Second, the PHP hash table implementation
1, the hash implementation of PHP
The hash table in PHP is a very important data interface, basically most of the language features are based on the hash table, for example: the scope of variables and the storage of variables, the implementation of the class and the Zend engine internal data are many are stored in the Hashtable.

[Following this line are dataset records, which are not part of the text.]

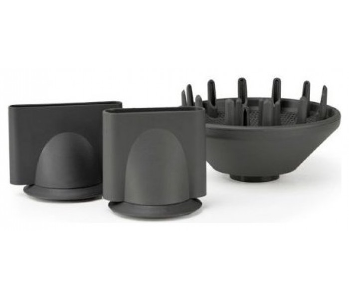 Incluye accesorios magnéticos que se acoplan fácilmente y permiten cambiar de estilo sin complicaciones. El difusor está pensado para aportar volumen y definir ondas o rizos, mientras que los dos concentradores de distinto tamaño ofrecen precisión en el alisado o en el moldeado de zonas específicas.
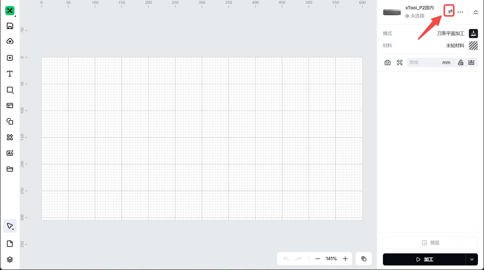 - 使用 USB 数据线将设备连接到电脑,打开设备电源开关,并打开 xTool Studio 软件。
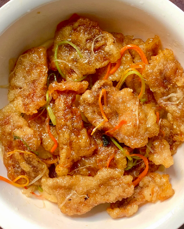 谁能拒绝这盘金黄油亮、酸甜开胃的锅包肉?刚出锅的肉片裹着晶莹透亮的糖醋汁,咬下去先是“咔嚓”一声脆响,接着是里脊肉的滑嫩多汁在嘴里化开,酸中带甜、甜里透香,还有一丝若有若无的姜丝清香解腻提鲜。刚端上桌还没拍照,孩子已经夹走一块喊“比饭店还好吃”,老公连盘底的糖醋汁都想蘸馒头——这才是家常复刻成功的高光时刻!
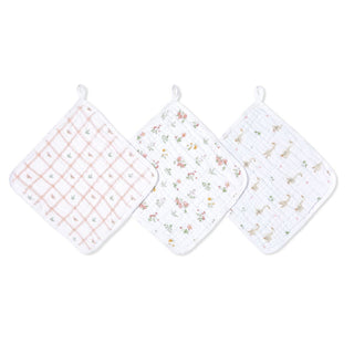 Our soft, absorbent baby washcloths come in 3-packs and three styles—essentials, oversized boutique, and oversized organic—perfect for bathtime, wipe-downs, and everyday messes.
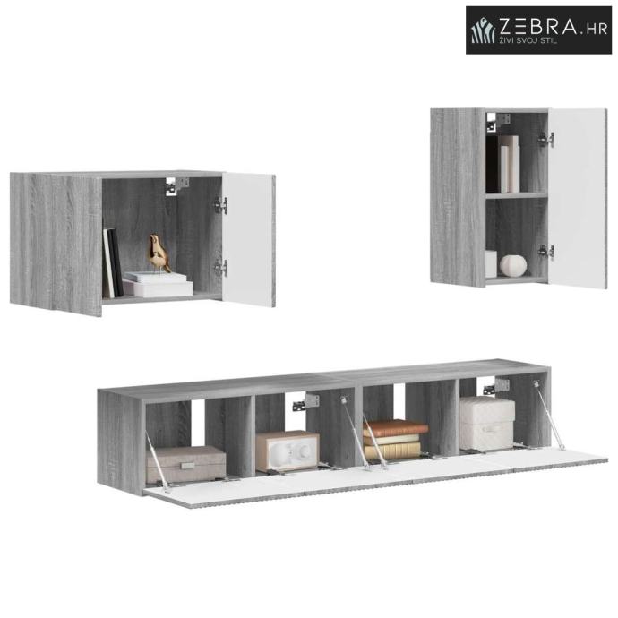 Prilagodljive značajke: Set ima prilagodljive police i fleksibilna rješenja za pohranu. Ove korisnički prijateljske značajke omogućuju personaliziranu organizaciju, čineći ga pogodnim za razne primjene, od pohrane medija do prikazivanja dekorativnih predmeta.
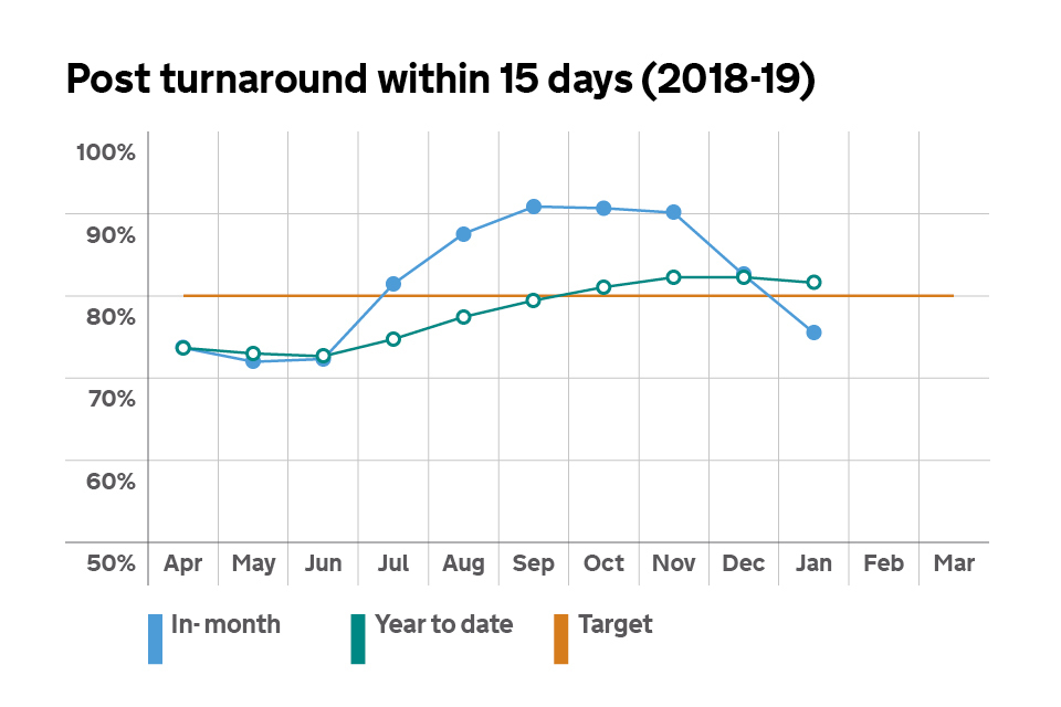 Our target for 2018 to 2019 is to turnaround 80% of post for the year within 15 days.

(1) Data structure and description
Zend uses a doubly linked list to hold data in order to preserve the relationship between data
(2) Hash table structure
PHP hash table implementation in ZEND/ZEND_HASH.C, PHP using the following two data structures to implement a hash table, hashtable structure for the entire hash table to hold the basic information required, and the bucket structure for the preservation of specific data content, as follows:
typedef struct _HASHTABLE { uint ntablesize; The size of the hash bucket, the minimum is 8, to 2x growth uint Ntablemask; NTableSize-1, optimization of index value uint nnumofelements; The number of elements currently present in the hash bucket, and the count () function will return this value directly to ulong nnextfreeelement;//position of the next numeric index Bucket *pinternalpointer; The currently traversed pointer (one of the causes of foreach is faster than for fast) Bucket *plisthead; Store the number of head element pointers bucket *plisttail; Storage array tail element pointer bucket **arbuckets; Store hash array dtor_func_t pdestructor; Zend_bool Persistent; unsigned char napplycount; Mark the number of times the current hash bucket has been accessed recursively (prevent multiple recursion) Zend_bool bapplyprotection;//mark the current hash bucket allows multiple accesses not allowed, when not allowed, up to recursive 3 this # if Zend_ DEBUG int inconsistent; #endif} HashTable;
The Ntablesize field is used to indicate the capacity of the hash table, and the hash table has a minimum initialization capacity of 8. First look at the initialization function of the hash table:
Zend_api int _zend_hash_init (HashTable *ht, uint nSize, hash_func_t phashfunction, dtor_func_t pdestructor, Zend_ BOOL Persistent zend_file_line_dc) { UINT i = 3; //... if (nSize >= 0x80000000) {/ * prevent overflow */ ht->ntablesize = 0x80000000; } else {while (1U & lt;< i) < nSize) { i++; } Ht->ntablesize = 1 << i; } // ... Ht->ntablemask = ht->ntablesize-1; /* Uses Ecalloc () so that bucket* = = NULL */ if (persistent) { TMP = (Bucket * *) calloc (ht->ntablesize, Sizeo F (Bucket *)); if (!tmp) { return FAILURE; } Ht->arbuckets = tmp; } else { TMP = (bucket * *) Ecalloc_rel (ht->ntablesize, sizeof (bucket *)); if (TMP) { ht->arbuckets = tmp; } } return SUCCESS;}
For example, if you set the initial size to 10, the algorithm above will resize to 16. That is, always resize to a whole number of 2 near the initial size
Why is it so adjusted? Let's take a look at how Hashtable maps hashes to slots:
h = Zend_inline_hash_func (Arkey, nkeylength); nIndex = h & ht->ntablemask;
From the _zend_hash_init () function above, the size of the Ht->ntablemask is ht->ntablesize–1. The use of & instead of the modulo is used here because the relative cost of the modulo operation and the bitwise AND operation are much larger.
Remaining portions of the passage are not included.